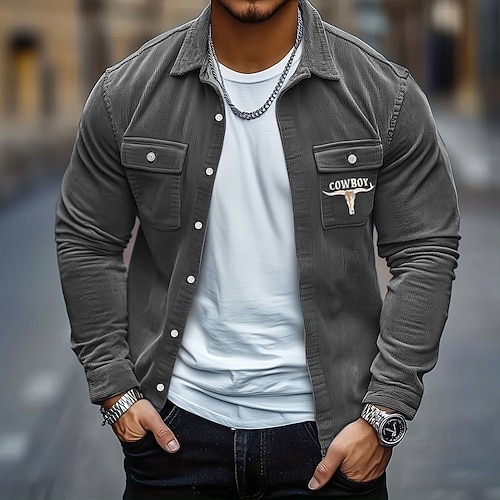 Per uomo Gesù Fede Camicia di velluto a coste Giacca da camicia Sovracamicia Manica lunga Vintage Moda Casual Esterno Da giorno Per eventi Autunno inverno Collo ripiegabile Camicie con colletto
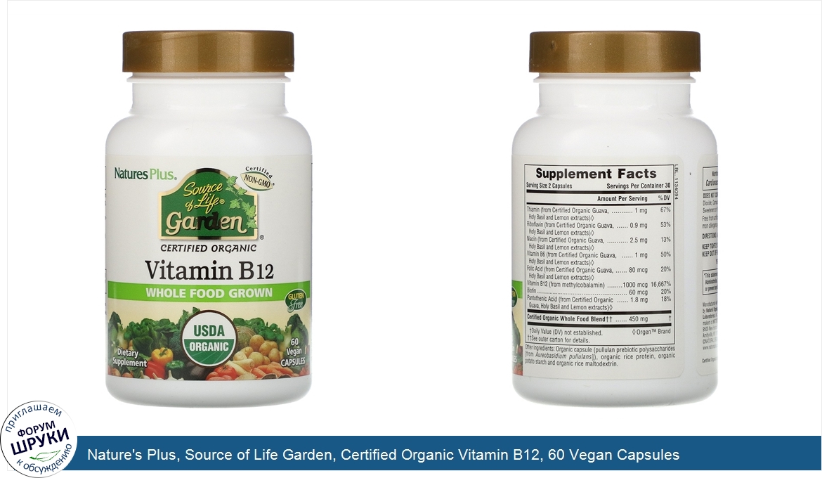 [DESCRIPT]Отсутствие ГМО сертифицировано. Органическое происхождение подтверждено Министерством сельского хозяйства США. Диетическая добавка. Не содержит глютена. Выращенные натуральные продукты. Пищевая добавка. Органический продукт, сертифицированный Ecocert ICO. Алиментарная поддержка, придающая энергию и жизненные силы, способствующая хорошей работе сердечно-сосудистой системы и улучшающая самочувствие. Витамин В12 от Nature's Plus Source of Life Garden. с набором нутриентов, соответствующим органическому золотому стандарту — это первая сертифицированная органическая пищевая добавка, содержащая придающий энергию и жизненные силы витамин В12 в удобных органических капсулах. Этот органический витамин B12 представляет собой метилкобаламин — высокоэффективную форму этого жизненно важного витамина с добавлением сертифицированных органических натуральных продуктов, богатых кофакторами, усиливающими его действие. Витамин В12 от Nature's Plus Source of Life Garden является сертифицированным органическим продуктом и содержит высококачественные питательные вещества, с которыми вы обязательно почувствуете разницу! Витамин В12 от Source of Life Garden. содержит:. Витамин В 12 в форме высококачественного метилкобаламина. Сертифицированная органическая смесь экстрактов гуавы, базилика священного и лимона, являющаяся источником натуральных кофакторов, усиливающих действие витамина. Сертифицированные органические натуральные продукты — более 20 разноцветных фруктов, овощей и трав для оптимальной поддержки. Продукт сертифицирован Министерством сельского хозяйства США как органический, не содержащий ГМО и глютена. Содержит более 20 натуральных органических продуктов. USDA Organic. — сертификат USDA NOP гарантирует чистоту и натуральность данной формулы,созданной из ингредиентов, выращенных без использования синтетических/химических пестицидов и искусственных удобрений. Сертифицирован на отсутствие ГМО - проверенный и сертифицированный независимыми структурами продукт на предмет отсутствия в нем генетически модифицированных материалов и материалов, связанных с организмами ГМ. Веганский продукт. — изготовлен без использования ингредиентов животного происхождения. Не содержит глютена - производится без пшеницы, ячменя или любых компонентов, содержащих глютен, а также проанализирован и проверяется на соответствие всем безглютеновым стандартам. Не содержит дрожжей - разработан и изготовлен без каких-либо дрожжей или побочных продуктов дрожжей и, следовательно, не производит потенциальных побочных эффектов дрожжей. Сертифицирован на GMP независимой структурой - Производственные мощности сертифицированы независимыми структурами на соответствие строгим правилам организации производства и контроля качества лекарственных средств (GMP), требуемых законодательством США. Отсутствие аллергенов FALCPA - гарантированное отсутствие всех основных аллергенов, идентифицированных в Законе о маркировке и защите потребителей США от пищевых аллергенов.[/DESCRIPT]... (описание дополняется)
= = = = =
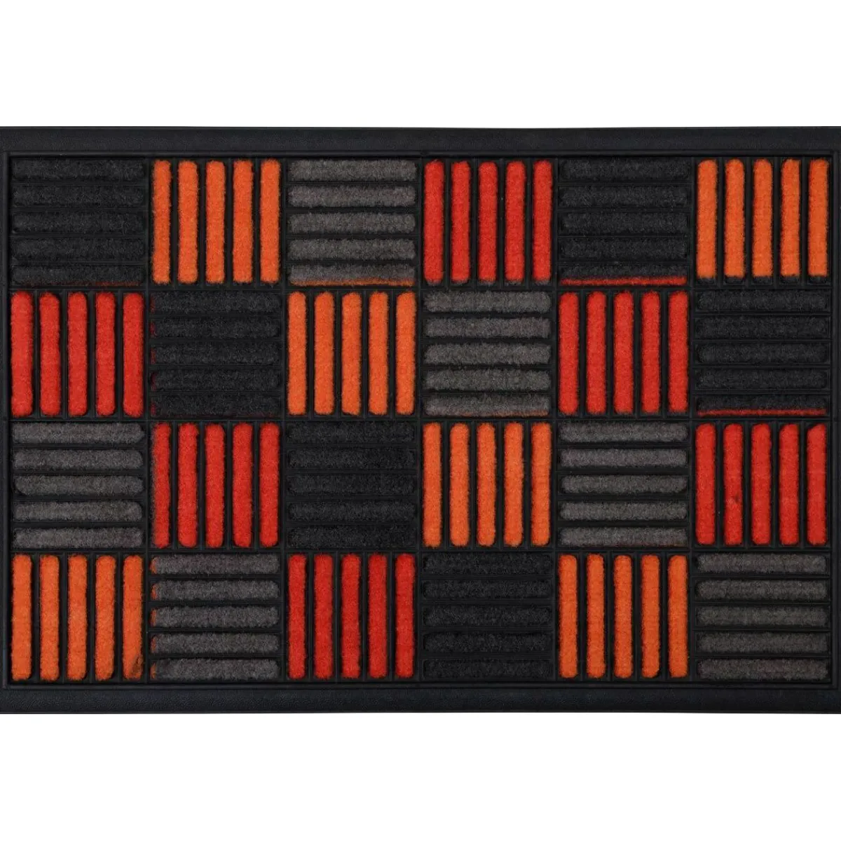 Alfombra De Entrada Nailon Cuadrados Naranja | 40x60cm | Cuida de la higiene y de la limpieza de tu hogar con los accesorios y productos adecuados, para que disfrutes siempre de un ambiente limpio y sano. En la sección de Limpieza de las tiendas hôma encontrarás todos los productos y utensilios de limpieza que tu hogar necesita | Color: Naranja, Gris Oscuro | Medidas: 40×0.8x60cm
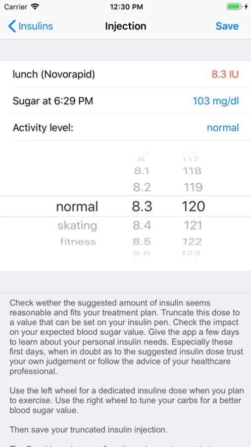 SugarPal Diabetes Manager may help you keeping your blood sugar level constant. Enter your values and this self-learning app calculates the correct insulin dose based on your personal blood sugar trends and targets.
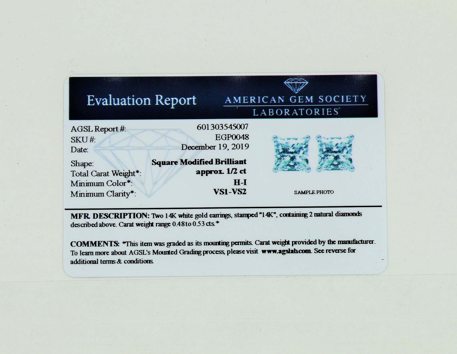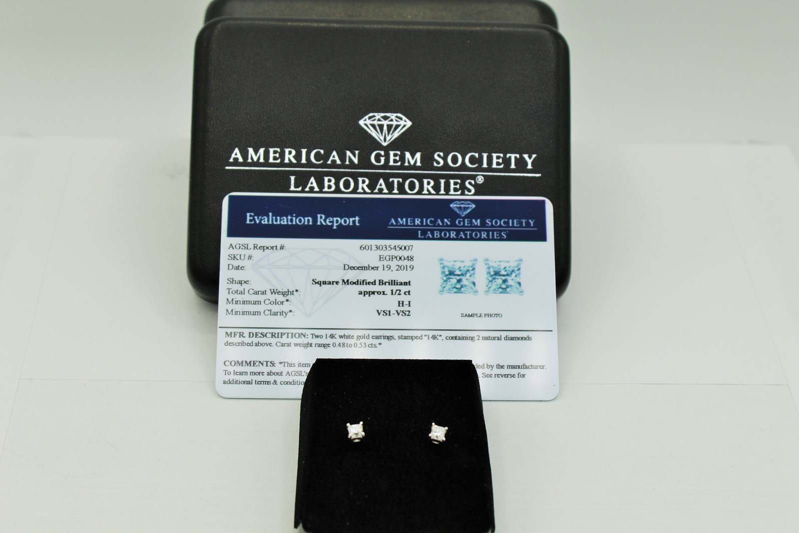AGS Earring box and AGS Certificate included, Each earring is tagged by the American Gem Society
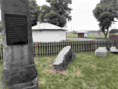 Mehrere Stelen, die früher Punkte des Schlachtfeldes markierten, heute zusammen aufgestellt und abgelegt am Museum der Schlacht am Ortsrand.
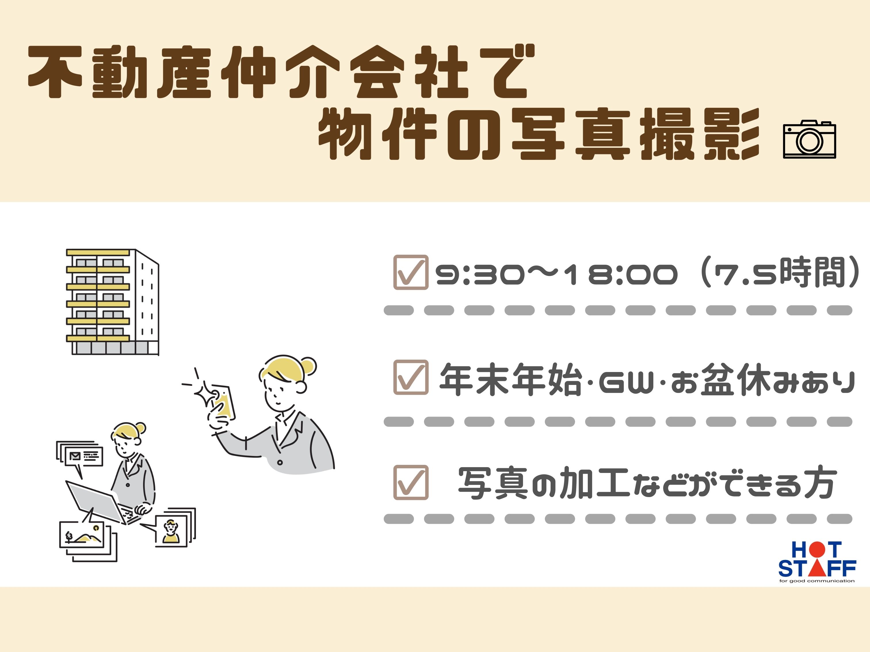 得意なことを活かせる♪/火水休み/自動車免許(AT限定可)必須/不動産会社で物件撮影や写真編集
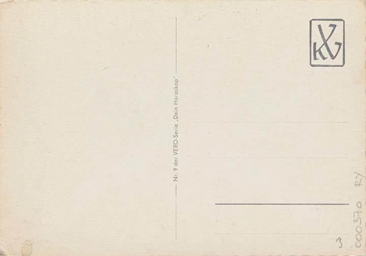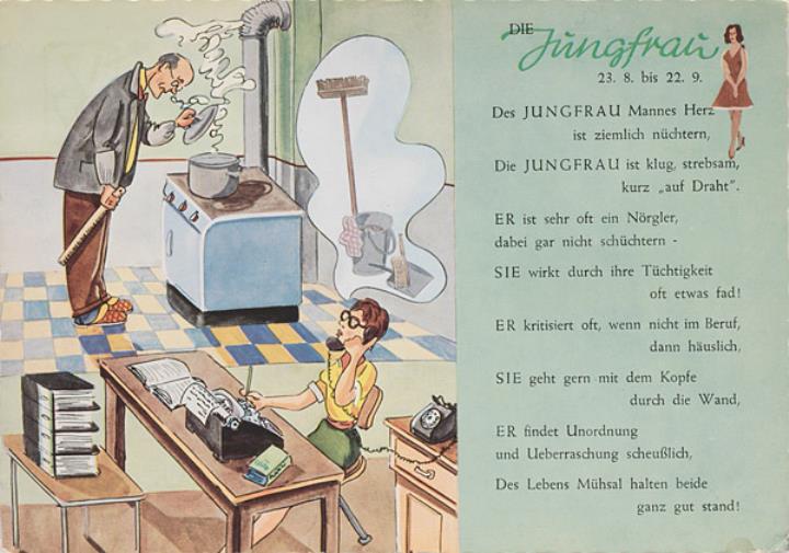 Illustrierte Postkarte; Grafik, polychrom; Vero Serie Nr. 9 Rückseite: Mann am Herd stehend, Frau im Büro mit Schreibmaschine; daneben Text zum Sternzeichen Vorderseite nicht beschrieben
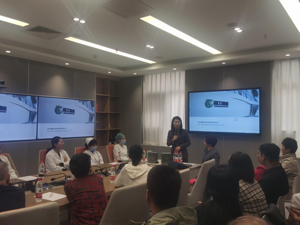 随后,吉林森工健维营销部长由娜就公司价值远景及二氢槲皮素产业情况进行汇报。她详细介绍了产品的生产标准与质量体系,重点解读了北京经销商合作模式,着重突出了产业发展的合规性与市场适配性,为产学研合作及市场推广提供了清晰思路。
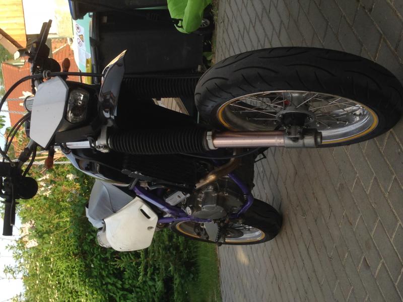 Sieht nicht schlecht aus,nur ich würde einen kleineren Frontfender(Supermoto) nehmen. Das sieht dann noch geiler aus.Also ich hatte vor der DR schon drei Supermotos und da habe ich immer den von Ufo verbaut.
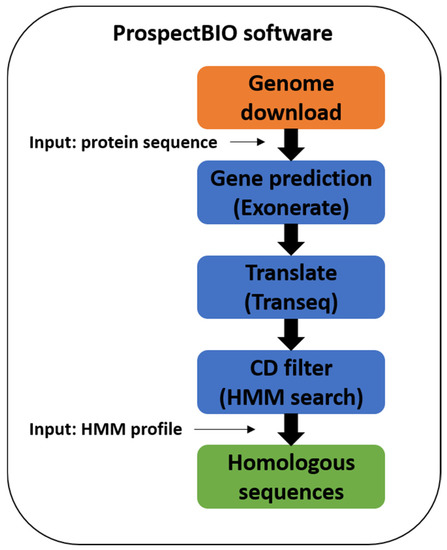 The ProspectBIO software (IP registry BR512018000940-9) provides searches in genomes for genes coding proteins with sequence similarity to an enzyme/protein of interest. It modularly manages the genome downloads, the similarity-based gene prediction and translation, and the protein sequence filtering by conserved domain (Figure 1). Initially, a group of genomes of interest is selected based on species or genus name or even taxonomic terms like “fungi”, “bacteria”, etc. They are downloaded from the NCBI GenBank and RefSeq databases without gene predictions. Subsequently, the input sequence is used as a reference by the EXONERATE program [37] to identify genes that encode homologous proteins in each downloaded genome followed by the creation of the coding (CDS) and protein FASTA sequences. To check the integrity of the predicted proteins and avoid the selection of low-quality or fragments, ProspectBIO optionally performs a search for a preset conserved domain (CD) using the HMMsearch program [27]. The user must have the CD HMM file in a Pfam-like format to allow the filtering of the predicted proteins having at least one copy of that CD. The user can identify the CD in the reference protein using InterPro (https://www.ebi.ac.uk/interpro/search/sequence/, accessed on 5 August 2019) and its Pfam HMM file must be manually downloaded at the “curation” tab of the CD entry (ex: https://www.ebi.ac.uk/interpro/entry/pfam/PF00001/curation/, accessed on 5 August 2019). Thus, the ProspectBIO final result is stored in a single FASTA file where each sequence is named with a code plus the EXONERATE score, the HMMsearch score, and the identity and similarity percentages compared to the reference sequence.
= = = = =
Work to be completed
Both the line above containing "Illustrierte Postkarte; Grafik, polychrom;" and the line containing "随后,吉林森工健维营销部长由" belong in the copy, along with every line between them; print these exactly and omit the pictures.

Exercise solution
 Illustrierte Postkarte; Grafik, polychrom; Vero Serie Nr. 9 Rückseite: Mann am Herd stehend, Frau im Büro mit Schreibmaschine; daneben Text zum Sternzeichen Vorderseite nicht beschrieben
 随后,吉林森工健维营销部长由娜就公司价值远景及二氢槲皮素产业情况进行汇报。她详细介绍了产品的生产标准与质量体系,重点解读了北京经销商合作模式,着重突出了产业发展的合规性与市场适配性,为产学研合作及市场推广提供了清晰思路。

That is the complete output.